Emacs Lisp is Probably Faster Than What You Think
December 15, 2022
Emacs Lisp is the native language of GNU Emacs, an interpreted language. We are used to think that interpreted language are slow. Yes, they are indeed slower than compiled languages like C and Assembly. But with the latest additions like JIT, native-compilation and various optimizations, they are catching up with compiled languages.
I got the first surprise when I tested GNU Guile. It is really fast, as fast as C in many cases, when JIT is enabled. However, Emacs Lisp is not so fast, but it's OK for most use cases.
But two weeks ago, I got a surprise with Emacs Lisp. I was
implementing multi-column character support in Eat. I found an
efficient way implement this while not breaking existing code. But it
had one problem, as you might have already guessed, I needed to find
all multi-column and zero column (yes, there are some) characters in
the output. At first, I used a binary search-like algorithm using
string-width
, as I thought C code is fast. Not only it produced too
much garbage, it also didn't work for obvious reason. Understanding
the problem, I decided to use char-width
. After the initial
implementation, I thought it was going to make Eat much slow, since it
needs to check every character of the output string. But to my utter
surprise, it didn't slow down Eat more than 3-4%. So I happily
committed and published it.
Two days ago, learning from the previous incident, I thought to try replacing the regular expressions based output parser with a parses output one character at a time. After implementing it, I tested it. But it was not measurably faster than the old code, so I decided to abandon the ready to commit change, out of the fear of breaking programs.
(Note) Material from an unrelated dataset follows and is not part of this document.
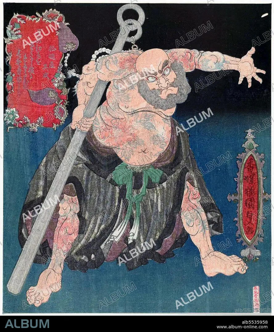 Caption: Lu Zhishen, nicknamed 'Flowery Monk', is a fictional character in the Water Margin, one of the Four Great Classical Novels of Chinese literature. He is the lead character in the first major story cycle of the novel, in which he comes to epitomise loyalty, strength, justice but also brashness. He ranks 13th of the 36 Heavenly Spirits of the 108 Liangshan heroes. Utagawa Kunisada (Japanese: ?? ??; also known as Utagawa Toyokuni III (??????); 1786 – 12 January 1865) was the most popular, prolific and financially successful designer of ukiyo-e woodblock prints in 19th-century Japan. In his own time, his reputation far exceeded that of his contemporaries, Hokusai, Hiroshige and Kuniyoshi.
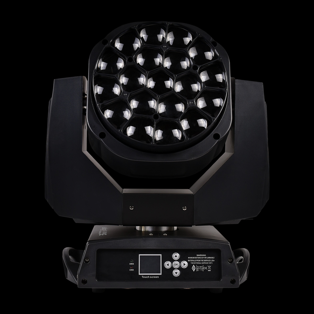 Testa Mobile Wash Zoom 19×15 RGBW: LED ad alta potenza, zoom 4°-60°, controllo DMX, movimenti 540°/270°, dimmer e strobo professionali. Perfetta per spettacoli, eventi, concerti e installazioni luminose

But today, I thought to give it another change. My browser was open when I tested back then. The browser usually takes up all my memory, slowing down everything on my 4 GB RAM computer. But this time the browser was not running. After testing, I found that it is actually about 5% faster when Eat is native-compiled, which was more than I expected. That means the Emacs Lisp based parser is faster than thea simple regular expression based parser, despite regular expressions are implemented in C. As a bonus, the change didn't make the code more complicated (I think it simplified the code instead). Being happy with it, I decided to commit and publish it.
So the conclusion is that Emacs Lisp can be faster than C when the code is efficient and optimized enough. So before you blame Emacs for your slow Emacs Lisp code, first check what you wrote!